Rodrigue v. Legros

552 So. 2d 703, 1989 La. App. LEXIS 2104, 1989 WL 134869
CourtLouisiana Court of Appeal
DecidedNovember 8, 1989
DocketNo. 88-805
StatusPublished
Cited by2 cases

This text of 552 So. 2d 703 (Rodrigue v. Legros) is published on Counsel Stack Legal Research, covering Louisiana Court of Appeal primary law. Counsel Stack provides free access to over 12 million legal documents including statutes, case law, regulations, and constitutions.

Bluebook
Rodrigue v. Legros, 552 So. 2d 703, 1989 La. App. LEXIS 2104, 1989 WL 134869 (La. Ct. App. 1989).

Opinion

YELVERTON, Judge.

These cases are before us on appeals from two summary judgments rendered in third party actions. The main demand was an action for personal injury damages resulting from a collision between two vessels on White Lake on December 8, 1985. The summary judgments were rendered in contests over the interpretation of an indemnity clause in a contract between the defendant in the main demand and the defendants in the third party action. The personal injury case was settled, and what is before us now is who has to ultimately pay.

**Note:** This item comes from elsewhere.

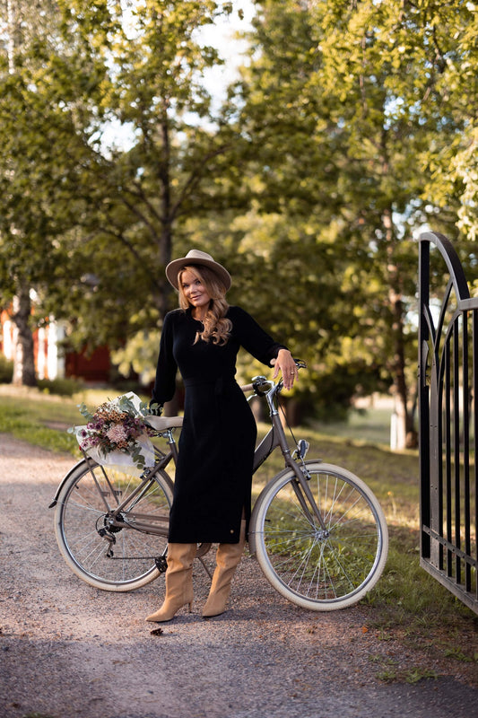 Leona Merino Jurk Zwart is gemaakt van zachte, ademende merinowol die de lichaamstemperatuur reguleert voor comfort de hele dag door. De elegante silhouet heeft lange, volumineuze mouwen met smalle manchetten en een verfijnde verticale ribbelsteek, die houding en stijl verbetert. De vloeiende pasvorm flatteert meerdere lichaamstypes, terwijl de ronde halslijn en de midi-lengte zoom veelzijdigheid bieden voor zowel dagelijks gebruik als winterse gelegenheden. Deze jurk balanceert tijdloos design met praktisch comfort, waardoor het een uitstekende keuze is voor een gepolijste maar gezellige garderobe basiselement.

The background facts are as follows. The injured main demand plaintiffs were Craig Rodrigue and his wife. Craig Ro-drigue was the captain of the crew boat M/V PRISCILLA ANN, owned by Two “R” Drilling Company, Inc. On December 8, 1985, the PRISCILLA ANN, operated by Rodrigue, was in White Lake in Vermilion Parish and collided with the M/V MISS SUPERIOR 77, owned by Mobil Exploration & Producing North America, Inc., and captained by Elery J. LeGros.

A drilling contract between Mobil and Two “R” was in effect on the date of the accident. The function of Two “R” ’s crew boat PRISCILLA ANN was to service Two “R” ’s Drilling Rig No. 19, which had been provided under the drilling contract, along with the crew boat and its Captain Ro-drigue, for Mobil’s use in the drilling of a well in White Lake. On the day of the collision, Rodrigue and the PRISCILLA ANN were engaged in activities directly connected to the work being performed under the drilling contract.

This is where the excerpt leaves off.